The Blazers did nothing right in losing the first two NBA championship games to the 76ers in Philly, but they could do no wrong in Portland

As the NBA championship finals bobbed and weaved their way along last week, it was fairly obvious that neither opponent, in the words of the eminent Mr. Rocky Balboa, was "just another bum from the neighborhood." At least not in its own neighborhood.

While the Philadelphia 76ers discovered how to run a playoff offense (somebody get the ball to Julius Erving or Doug Collins and everybody else take a cab to south Jersey), the Portland Trail Blazers learned how to survive back in Oregon by pretending the Doctor was only human and that they belonged in the same ring—uh, court—after all.

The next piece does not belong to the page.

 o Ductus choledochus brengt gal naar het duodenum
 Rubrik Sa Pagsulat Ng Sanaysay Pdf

"We seem to get energy and sustenance from the response at home," Portland Coach Jack Ramsay said Sunday afternoon after his Blazers had stuffed the 76ers' 2-0 series lead back in their faces, in a 129-107 blowout. "The floor is made the same as Philly's. What is it?"

Perhaps it was Bill Walton, who finally discovered his passing lanes unclogged and joyfully passed off for nine assists to go along with his 20 points and 18 rebounds. Or Guards Lionel Hollins and Johnny Davis, who made negligible contributions during the two 76er victories but who combined for 33 points in Game Three. Or Dave Twardzik and Lloyd Neal, who came off the bench to lead Portland's 42-point fourth-quarter fireworks.

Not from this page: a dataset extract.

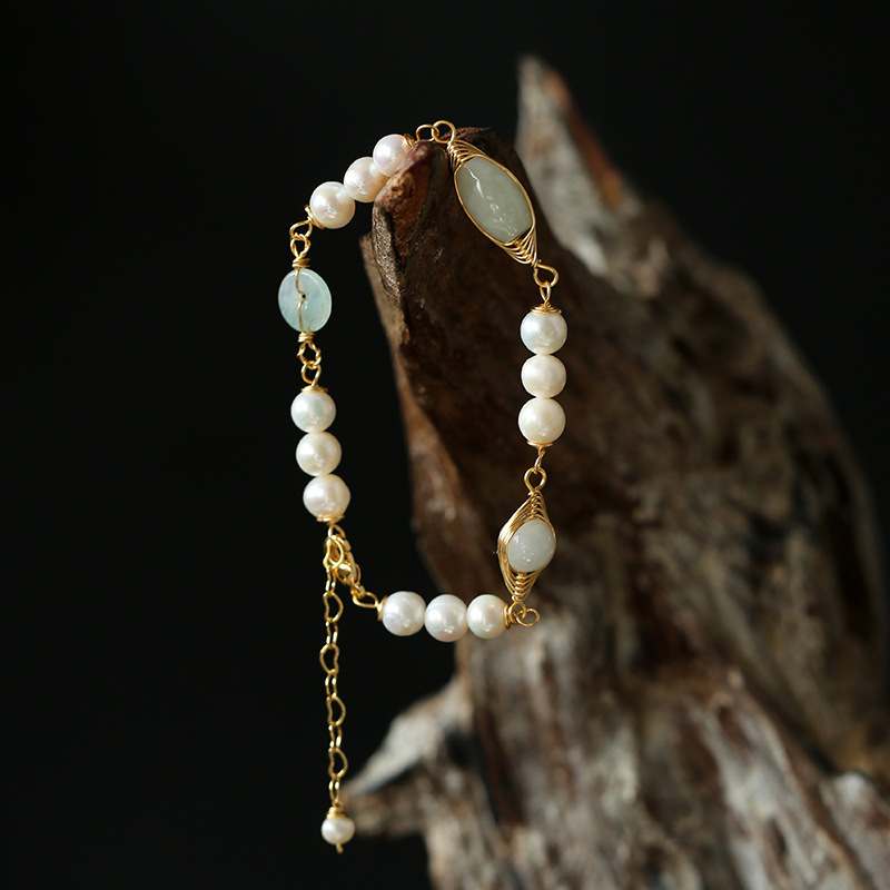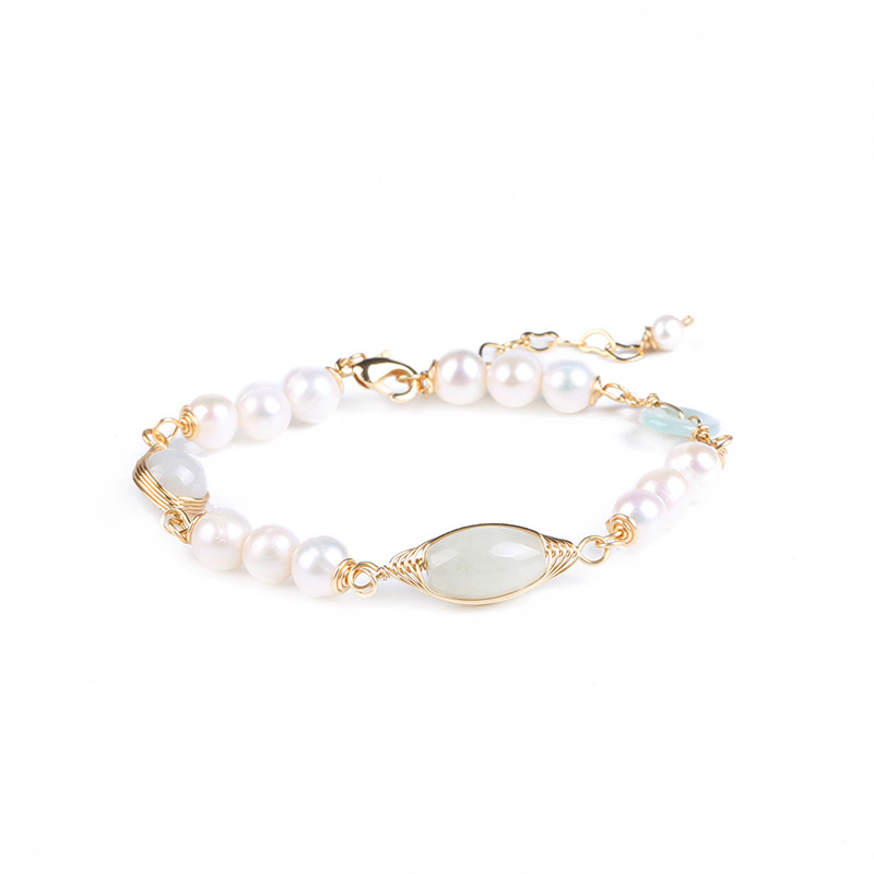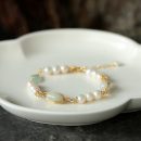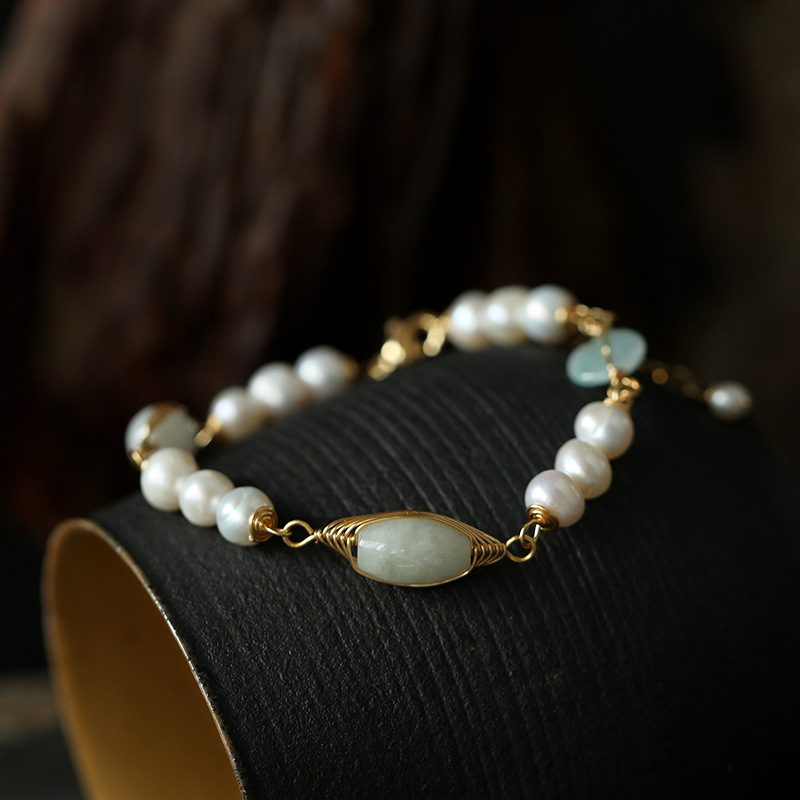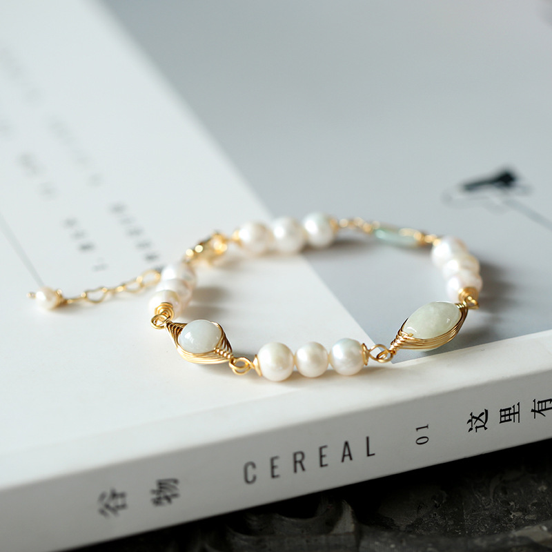 原創設計古風氣質14K包金天然淡水珍珠翡翠繞線手鍊

Despite Erving's face-saving 28 points, Philadelphia appeared as lost and shaken—yes, as mismatched—as Portland had been earlier. "The Sixers just can't win here," said Portland's Bob Gross. Which, of course, had gone double for the Blazers in Philadelphia.

By outplaying the Trail Blazers in the psychological preliminaries so crucial to an NBA final, the 76ers took what seemed an insurmountable lead even before the series started. First there was the injury list, which started with Lloyd Free (partially collapsed lung, bruised rib), continued to George McGinnis (groin pull) and Steve Mix (bad ankle) and peaked with mysterious blurred vision in the right eye of Darryl Dawkins, who said he woke up one morning "all set to say 'Oh what a beautiful morning,' and I find I can't see."

To those who believe Dawkins' only responsibility is to get the colors on the uniforms right as he takes names and blasts bodies, this appeared to be (and subsequently was) as serious a threat to the health and welfare of his own teammates as it was to the enemy. Nevertheless, the specter of a partially blinded Dawkins roaming unchained must have given the Trail Blazers pause.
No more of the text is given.